Страничка как страничка, не хуже чем у других. Прошло несколько дней, и вдруг — звонок редактора:
— Ну-ка, зайди!
Захожу. Настроение у шефа мрачное.
— Ты что это себе позволяешь?
— Упрек носит общий характер, — отвечаю я, усаживаясь напротив. — О чем речь?
— Тебе кто позволил Пушкина редактировать?
— Бред какой-то! — изумляюсь я.
— Бред? А это что?
Беру протянутый листок, читаю. Письмо в редакцию. Автор, работник конструкторского отдела, фамилия мне совершенно незнакомая, интересуется: кто позволил уважаемым товарищам заводским журналистам нагло, нахально, беззастенчиво, бессовестно редактировать Пушкина? На странице, посвященной юбилею великого поэта, в таком-то стихотворении такие-то слова заменены такими-то, в другом — то же самое. Стихи эти знает наизусть любой школьник. Вероятно, именно школьный этап в биографиях товарищей заводских журналистов отсутствует.
Письмо внешне очень корректное, но под этой корректностью столько яду, что хватило бы целому семейству гюрз на целый год. Для доказательства нашей наглости и беззастенчивости приложена обложка школьной тетрадки с напечатанными на последней странице стихотворениями — «К Чаадаеву» и другими.
— Что будем делать? — сердито гудит редактор. — Извиняться перед читателями? Всенародно краснеть?
— Ничего не понимаю, — растерянно бормочу я. — И в мыслях не было…
— Разберись, — резюмирует шеф. — Через час доложишь.

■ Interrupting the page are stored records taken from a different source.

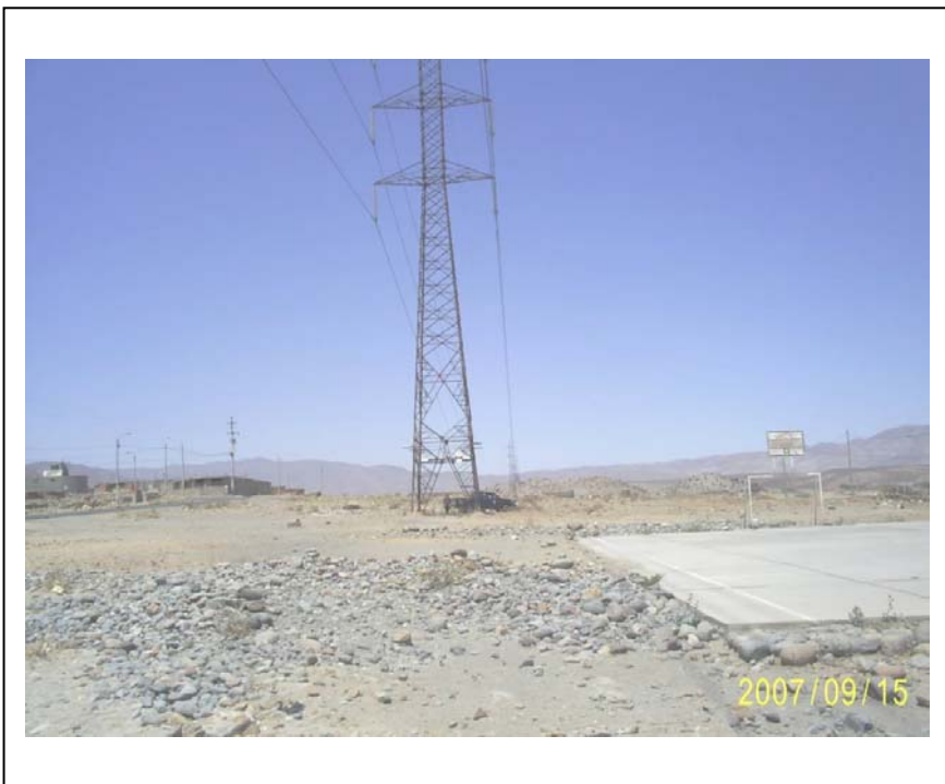
FIGURA N° 02 (Torre N° 5: A la derecha se aprecia la losa deportiva invadiendo parte de la faia de servidumbre)
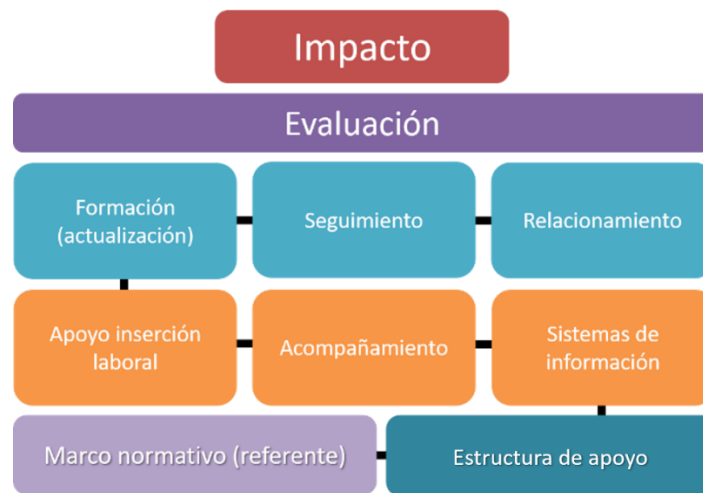
Figura 1 Modelo de egresados

El modelo se desarrolla a partir de los componentes detallados a continuación:
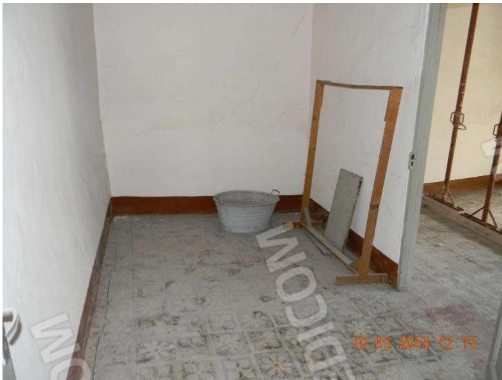
Foto 17 - Vano
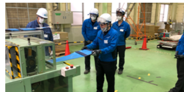
危険体感出張講座

本講座では、新たに4名が準講師に任命されました。各事業所における安全活動の率先垂範と、他の社員の実践をサポートする現地講師として活躍しています。

Иду в библиотеку, беру том академического издания Пушкина, из которого были перепечатаны стихи для юбилейной страницы. Все точно, до последней запятой. И вдруг до меня доходит: варианты! Мог бы и сразу догадаться, да что-то в голове заклинило.
Звоню приятелю-конструктору, спрашиваю об авторе письма: что за человек? Ответ гласит: «Нормальный парень. Правда, пожилой, лет сорока пяти (Боже мой, сорокапятилетний казался нам тогда пожилым!). Есть, правда, один заскок: Пушкин. За Пушкина горло перегрызет».
Получая эту информацию к размышлению, не без злорадства думаю: «Ну, голубчик, держись! За любовь к Пушкину я тебя похвалю, а за язвительный тон — ты уж не обижайся — я тебя достану!»
Сажусь сочинять ответ автору.
«Многоуважаемый Н. Н.! Читал Ваше письмо, проникнутое горячей любовью к Пушкину, с великим недоумением. Так же, как и Вы, я полагаю, что Пушкин писал достаточно хорошо и ни в каком редактировании не нуждается.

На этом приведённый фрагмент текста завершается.